Task to complete.
Please copy, exactly as written, the span from the first line below to the line that contains "большой грустью хочу", including both, and skip the pictures.

Provided material.
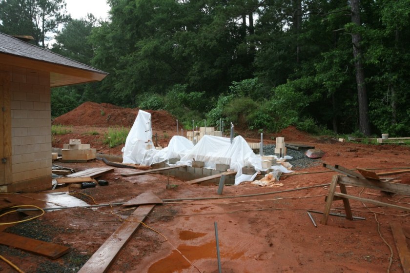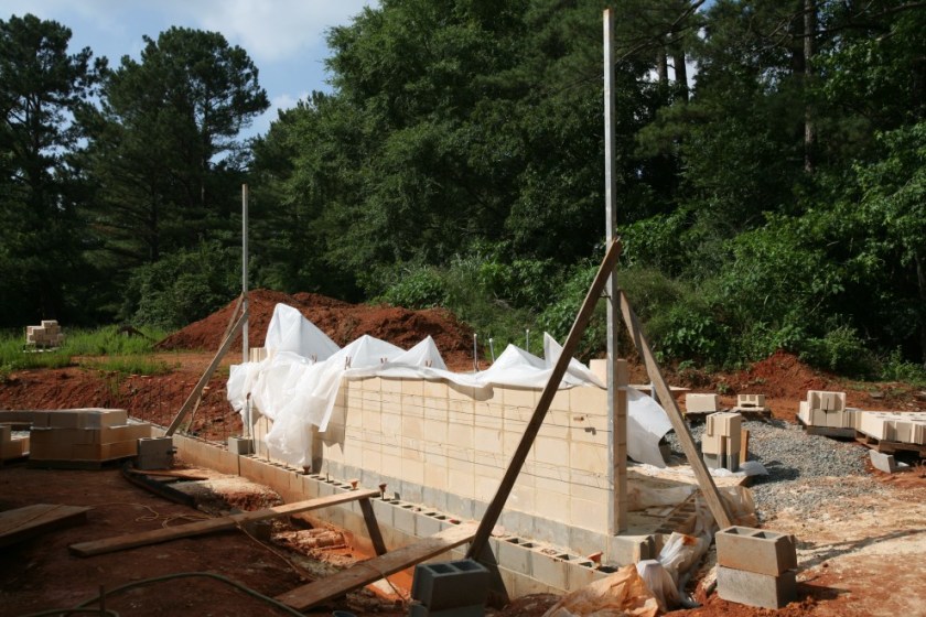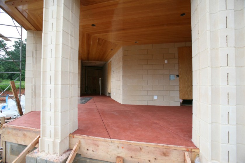 Outside, masonry work begins on the blocks facing the air conditioning units:
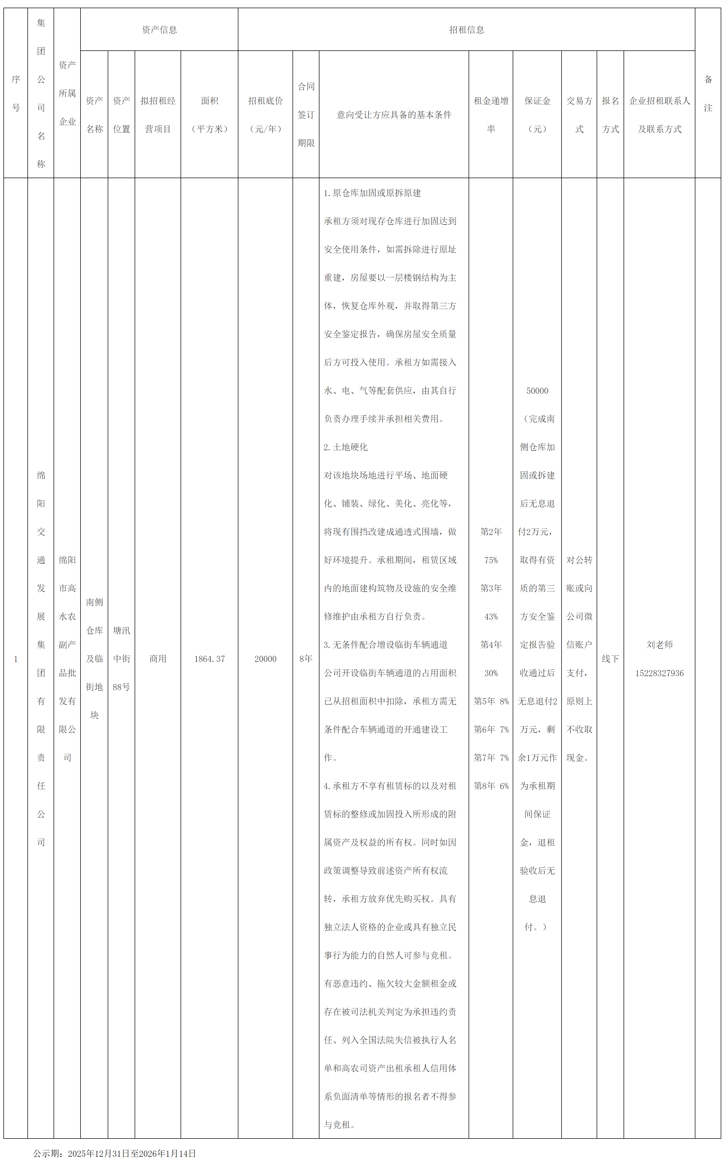 綿陽(yáng)市高水農(nóng)副產(chǎn)品批發(fā)有限公司資產(chǎn)出租公告
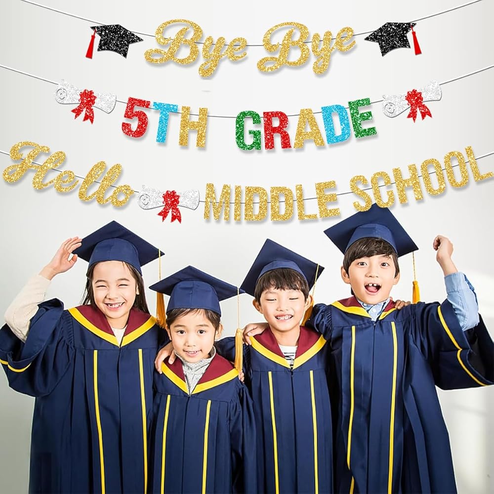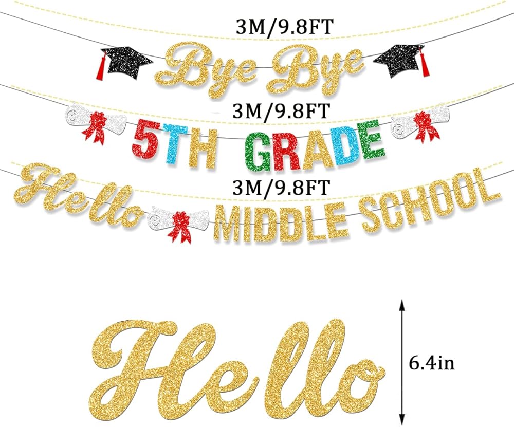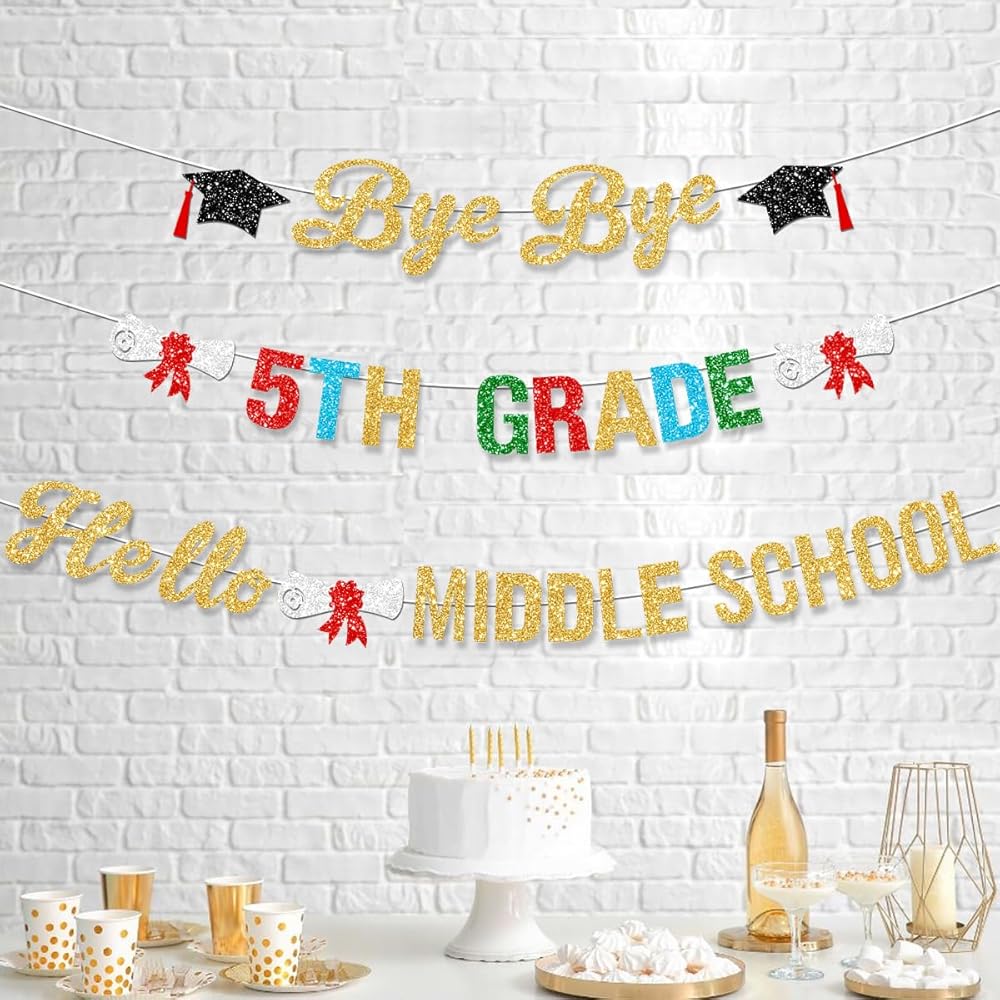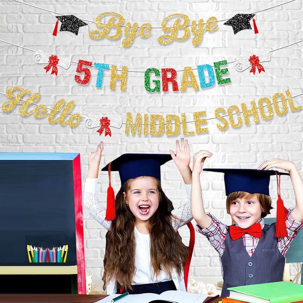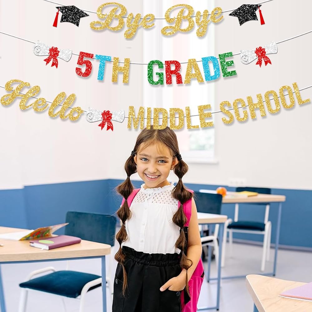 2... Design: Multicolor Glitter Bye Bye 5th Grade grad banner and Gold Glitter Hello middle School Banner perfect for 2025 Elementary School graduation decorations celebrating party decorations
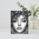Fantastische Postkarte mit Schwarz-Weiß-Illustration mit einem Portrait einer schönen jungen schwarzen Frau mit zarten Spiralrollen
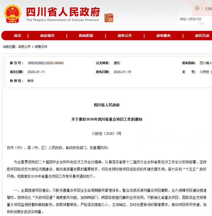 1月9日,四川省人民政府印发《关于做好2026年四川省重点项目工作的通知》(以下简称《通知》),对2026年省重点项目工作进行全面部署,并随文发布《2026年四川省重点项目名单》,其中续建项目526个、新开工项目304个。
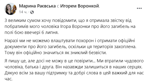 "С большой грустью хочу сообщить, что я получила известие от побратимов моего мужа Игоря Воронки о его гибели на поле боя вечером 6 июля. Я пишу это, но до сих пор не могу в это поверить... Мы потеряли прекрасного мужа, отца и друга. Он навсегда останется в наших сердцах", – написала Раевская.
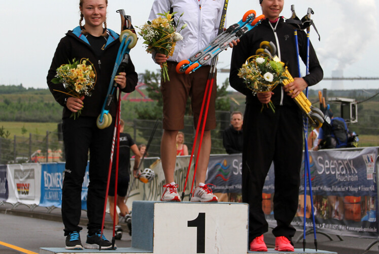 Das Deutsche Rollski Team wurde von 7 Juniorinnen und 3 Junioren aus der Trainingsgruppe Oberwiesenthal von Lutz Hänel und Markus Hofmann verstärkt. Bekannteste Starterin war Julia Belger, die im Winter bei der ersten Jugend Olympiade mit Platz 5 auf sich aufmerksam machte. Die jungen Sportlerinnen fuhren erstmals mit den schnellen Rollski in einem Wettkampf, die von SIRIRO und der Sportwelt Preussler zur Verfügung gestellt wurden. Der Ausflug in die Rollskiszene hat sich für die Starterinnen gelohnt. Trotz der nassen Bedingungen ab der zweiten Hälfte des Rennens kamen die Sportlerinnen sehr gut mit der Strecke zurecht. Julia Belger, Theresa Lützendorf, Anne Winkler, Katharina Henning, Jessica Gnüchtel belegte die Plätze 1 bis 5. Die Weltcupführende Lisa Bolzan (ITA) musste sich mit Platz 6 begnügen. Anneka Döhle und Nadine Hermann folgten auf den Plätzen 8 und 9. Lydia Sabaditsch (SV Liebertwolkwitz) wurde als erste reine Rollskiläuferin Elfte. Damit war der erste Fünffach Triumph der Deutschen Juniorinnen komplett.
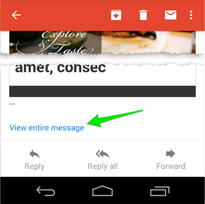 下面這張截圖里,你能夠看到用戶是如何通過點擊一個鏈接查看整個信息:這使得用戶不必閱讀全部郵件。
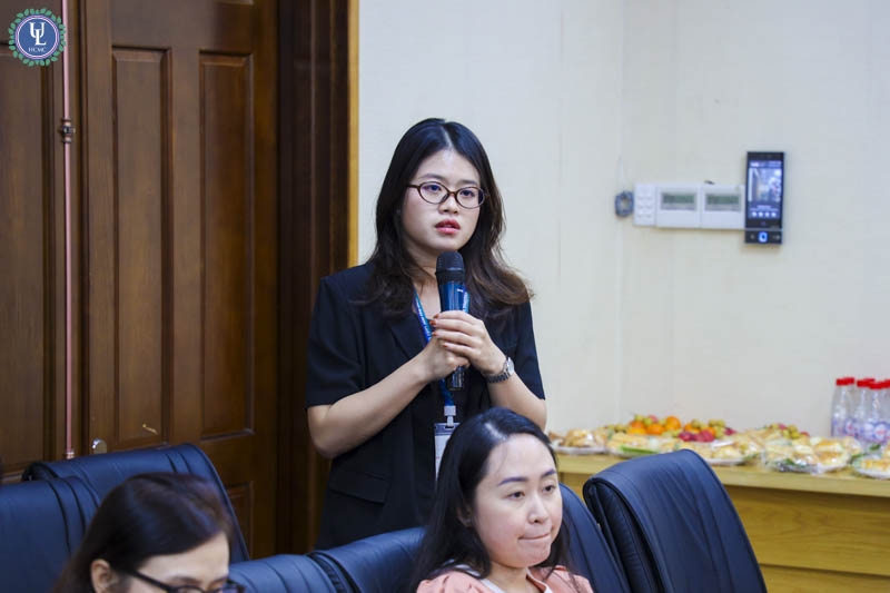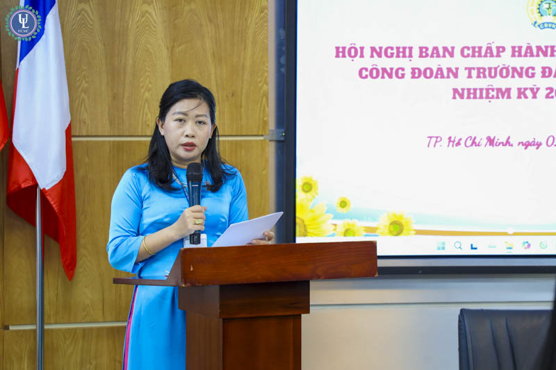 Hội nghị tiếp tục với báo cáo kiểm điểm hoạt động của Ban Chấp hành Công đoàn giai đoạn 2023–2025 do ThS. Đỗ Thị Lệ Hằng - Phó Chủ tịch Công đoàn Trường - trình bày. Theo báo cáo, hoạt động công đoàn trong thời gian qua nhận được sự quan tâm, chỉ đạo từ cấp trên và sự hỗ trợ của Ban Giám hiệu Nhà trường; đồng thời chú trọng chăm lo đời sống vật chất, tinh thần của đoàn viên, giám sát chính sách, tư vấn pháp luật. Từng ủy viên Ban Chấp hành thực hiện nghiêm túc nguyên tắc tập trung dân chủ, giữ vững đoàn kết, phối hợp hiệu quả với nhiệm vụ chuyên môn và phát huy thế mạnh của một cơ sở đào tạo trọng điểm về pháp luật.

Answer to the exercise.
 Outside, masonry work begins on the blocks facing the air conditioning units:
 綿陽(yáng)市高水農(nóng)副產(chǎn)品批發(fā)有限公司資產(chǎn)出租公告
 2... Design: Multicolor Glitter Bye Bye 5th Grade grad banner and Gold Glitter Hello middle School Banner perfect for 2025 Elementary School graduation decorations celebrating party decorations
Fantastische Postkarte mit Schwarz-Weiß-Illustration mit einem Portrait einer schönen jungen schwarzen Frau mit zarten Spiralrollen
 1月9日,四川省人民政府印发《关于做好2026年四川省重点项目工作的通知》(以下简称《通知》),对2026年省重点项目工作进行全面部署,并随文发布《2026年四川省重点项目名单》,其中续建项目526个、新开工项目304个。
 "С большой грустью хочу сообщить, что я получила известие от побратимов моего мужа Игоря Воронки о его гибели на поле боя вечером 6 июля. Я пишу это, но до сих пор не могу в это поверить... Мы потеряли прекрасного мужа, отца и друга. Он навсегда останется в наших сердцах", – написала Раевская.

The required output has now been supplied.